• **Assignment**: Set down, exactly and only, everything from the line containing "Fornecimento direto de" down to the line containing "Yogyakarta (Humas) Kepala" in the data below; the pictures are not part of the copy.

• **Dataset entries**:
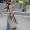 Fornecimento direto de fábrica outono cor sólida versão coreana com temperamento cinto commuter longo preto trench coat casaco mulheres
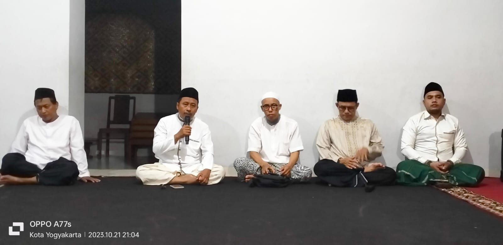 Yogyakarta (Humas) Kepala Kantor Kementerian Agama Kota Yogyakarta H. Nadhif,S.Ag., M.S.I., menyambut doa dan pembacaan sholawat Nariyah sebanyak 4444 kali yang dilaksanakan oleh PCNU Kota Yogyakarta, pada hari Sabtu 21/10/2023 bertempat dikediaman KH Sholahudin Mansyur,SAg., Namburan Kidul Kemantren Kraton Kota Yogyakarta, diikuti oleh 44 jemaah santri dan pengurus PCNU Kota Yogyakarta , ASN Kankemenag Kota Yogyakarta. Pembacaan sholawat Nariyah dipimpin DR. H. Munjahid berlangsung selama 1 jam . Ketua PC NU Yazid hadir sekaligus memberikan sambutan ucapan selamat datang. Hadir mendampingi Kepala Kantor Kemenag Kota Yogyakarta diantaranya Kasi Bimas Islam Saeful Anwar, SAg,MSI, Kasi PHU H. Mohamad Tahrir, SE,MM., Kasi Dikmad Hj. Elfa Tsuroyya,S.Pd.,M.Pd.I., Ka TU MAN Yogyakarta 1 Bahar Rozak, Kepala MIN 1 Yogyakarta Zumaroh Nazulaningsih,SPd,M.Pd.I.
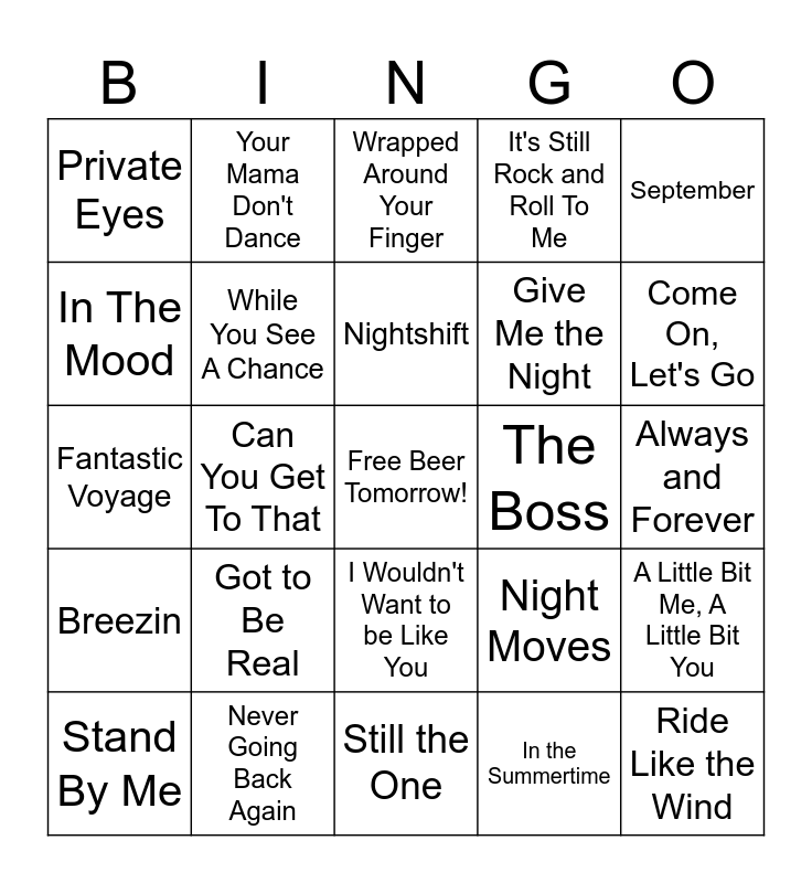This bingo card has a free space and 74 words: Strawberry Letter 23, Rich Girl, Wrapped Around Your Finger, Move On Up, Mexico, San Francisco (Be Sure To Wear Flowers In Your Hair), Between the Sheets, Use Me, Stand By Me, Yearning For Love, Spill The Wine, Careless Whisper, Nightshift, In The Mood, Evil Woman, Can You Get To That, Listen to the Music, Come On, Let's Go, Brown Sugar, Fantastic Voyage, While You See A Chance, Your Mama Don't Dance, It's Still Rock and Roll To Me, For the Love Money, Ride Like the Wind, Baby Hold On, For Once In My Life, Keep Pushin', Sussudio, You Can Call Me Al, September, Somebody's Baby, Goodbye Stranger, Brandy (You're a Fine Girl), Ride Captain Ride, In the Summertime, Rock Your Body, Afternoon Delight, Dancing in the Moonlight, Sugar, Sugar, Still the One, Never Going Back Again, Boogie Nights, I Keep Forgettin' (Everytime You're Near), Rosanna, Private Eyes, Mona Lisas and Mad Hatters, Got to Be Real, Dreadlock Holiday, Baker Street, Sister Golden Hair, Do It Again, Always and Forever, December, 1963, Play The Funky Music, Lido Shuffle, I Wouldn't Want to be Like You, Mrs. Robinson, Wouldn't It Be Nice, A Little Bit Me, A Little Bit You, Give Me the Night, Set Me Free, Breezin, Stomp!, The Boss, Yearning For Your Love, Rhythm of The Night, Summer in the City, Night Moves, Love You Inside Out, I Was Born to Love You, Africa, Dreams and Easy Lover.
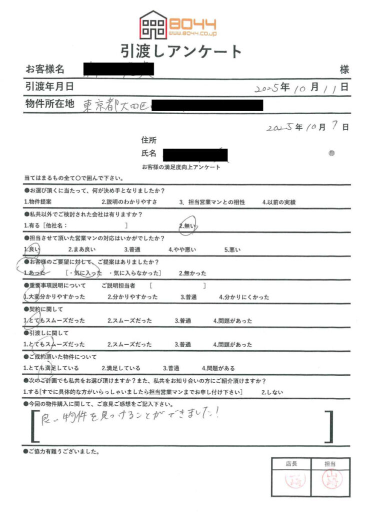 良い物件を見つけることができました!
* * *
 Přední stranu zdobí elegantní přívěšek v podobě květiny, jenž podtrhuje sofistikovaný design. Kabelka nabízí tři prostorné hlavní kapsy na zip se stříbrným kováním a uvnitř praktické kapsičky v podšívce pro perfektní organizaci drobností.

• **Task response**:
 Fornecimento direto de fábrica outono cor sólida versão coreana com temperamento cinto commuter longo preto trench coat casaco mulheres
 Yogyakarta (Humas) Kepala Kantor Kementerian Agama Kota Yogyakarta H. Nadhif,S.Ag., M.S.I., menyambut doa dan pembacaan sholawat Nariyah sebanyak 4444 kali yang dilaksanakan oleh PCNU Kota Yogyakarta, pada hari Sabtu 21/10/2023 bertempat dikediaman KH Sholahudin Mansyur,SAg., Namburan Kidul Kemantren Kraton Kota Yogyakarta, diikuti oleh 44 jemaah santri dan pengurus PCNU Kota Yogyakarta , ASN Kankemenag Kota Yogyakarta. Pembacaan sholawat Nariyah dipimpin DR. H. Munjahid berlangsung selama 1 jam . Ketua PC NU Yazid hadir sekaligus memberikan sambutan ucapan selamat datang. Hadir mendampingi Kepala Kantor Kemenag Kota Yogyakarta diantaranya Kasi Bimas Islam Saeful Anwar, SAg,MSI, Kasi PHU H. Mohamad Tahrir, SE,MM., Kasi Dikmad Hj. Elfa Tsuroyya,S.Pd.,M.Pd.I., Ka TU MAN Yogyakarta 1 Bahar Rozak, Kepala MIN 1 Yogyakarta Zumaroh Nazulaningsih,SPd,M.Pd.I.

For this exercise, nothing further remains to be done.